To launch his 'national plan for family agriculture', aimed at 1.4m families of small farmers, Lula invited to the Planalto palace an array of peasant organisations, excluding the MST. He underlined to them that this was the first time that loans are being handed out before sowing time.

As the ceremony was unfolding, several hundreds of MST members were launching land seizures throughout the country, including the Pontal de Parapanema, the site of past bloody clashes between peasants and landowners.

Personal intervention. Lula has announced that he intends to intervene directly in negotiations with the MST, starting with a meeting in the presidential palace in July. Until now, the negotiations between the government and the MST have been handled by the minister of agricultural development, Miguel Rossetto.

The MST leadership was not receptive to the government's overtures.

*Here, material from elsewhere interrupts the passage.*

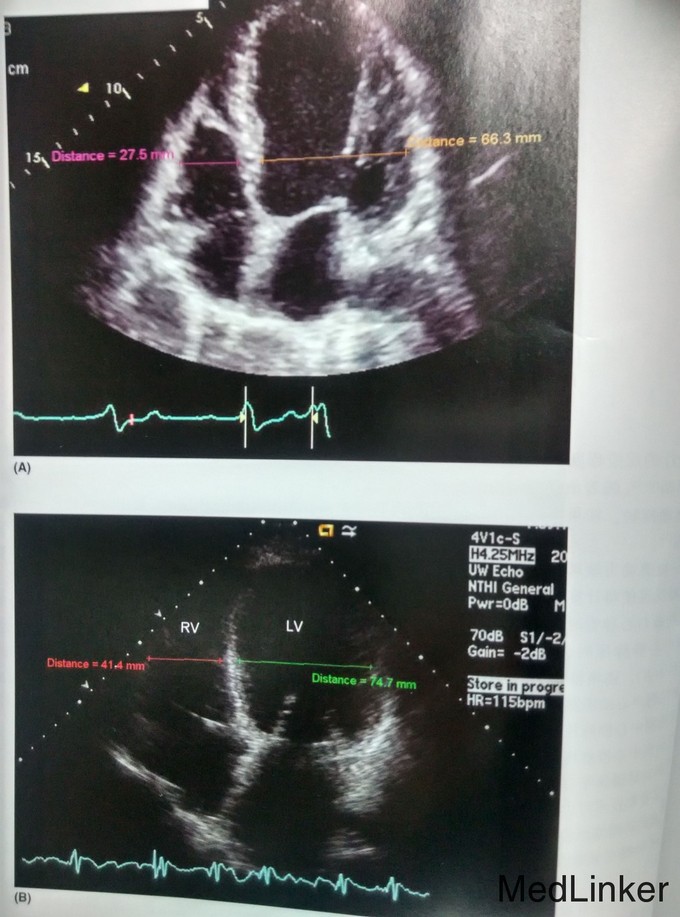 患者目前感觉运动耐量恢复到发病前的状态,能全天工作,但超声心动图显示射血分数只有10-20%的轻度恢复,左心室仍然扩大成球形。规律使用螺内酯25mg。 讨论:超声心动图可以提供哪些信息 1.跟左心室功能有关的指标。 2.左心室大小。 3.关于右心室的大小和功能, 4.关于心房的功能和大小。
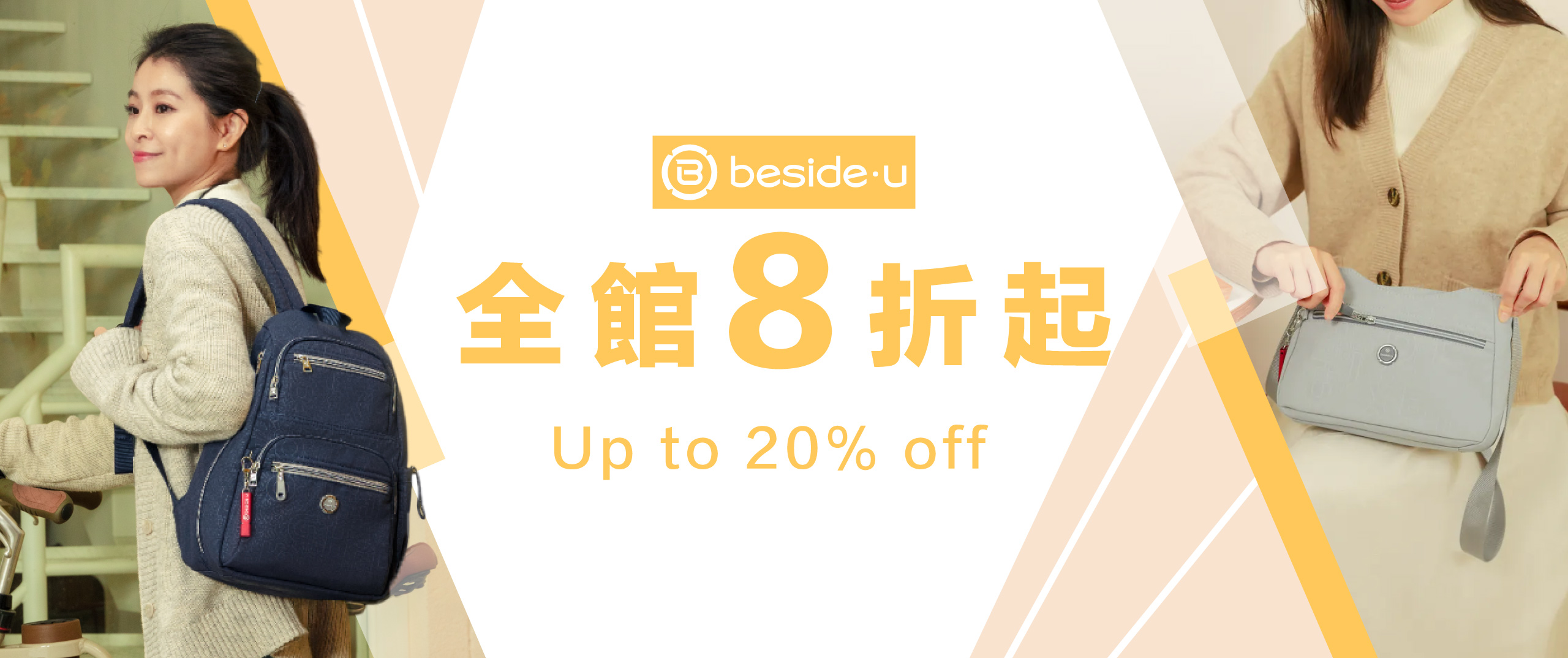 beside u 加厚包中包/化妝包 旅行收納包 雙格層斜背包 幾何款 黑白字母款 BMJ

The MST's national coordinator, João Paulo Rodrigues, said that the pace of invasions would not slow. Rodrigues claims that no landless families had been given land since Lula took office: Rossetto immediately corrected him saying that 3,000 families had been awarded land and the government expected to resettle 7,000 this year, and expropriate 200,000 hectares of idle land.

Pressure from landowners. How much scope there will be for diplomacy is anyone's guess. The landowners are losing patience with what they see as an excessively tolerant attitude on the part of the authorities.

Last week, the president of the União Democrática Ruralista (UDR), Luiz Antônio Nabhan Garcia, called for the government to clamp down on the MST. Himself a victim of an MST squat in 1996, Nabhan Garcia -like the government- is particularly concerned about the growing MST camp at Pontal do Paranapanema, which now has 3,600 families living in it. The encampment, which is in the state of São Paulo and away from the main areas of MST activity in the northeast, was only set up on 25 May. The MST wants 5,000 families in the encampment by the end of July.

The MST claims that it simply wants to put pressure on the government to speed up agricultural reform. The UDR argues that the MST is not interested in reform, only in revolution.

The UDR is increasingly worried about the MST's move down from the poor northeast to the richer lands in the centre and south of the country in the states of Minas Gerais, Paraná and Mato Grosso do Sul.

It claims that the government may have missed its chance to take preventative action and that the confrontation may lead to conflict. It argues that these areas should be excluded from the government's agricultural reform policies. Instead, it suggests, the reforms should focus on Acre, Pará, and Maranhão.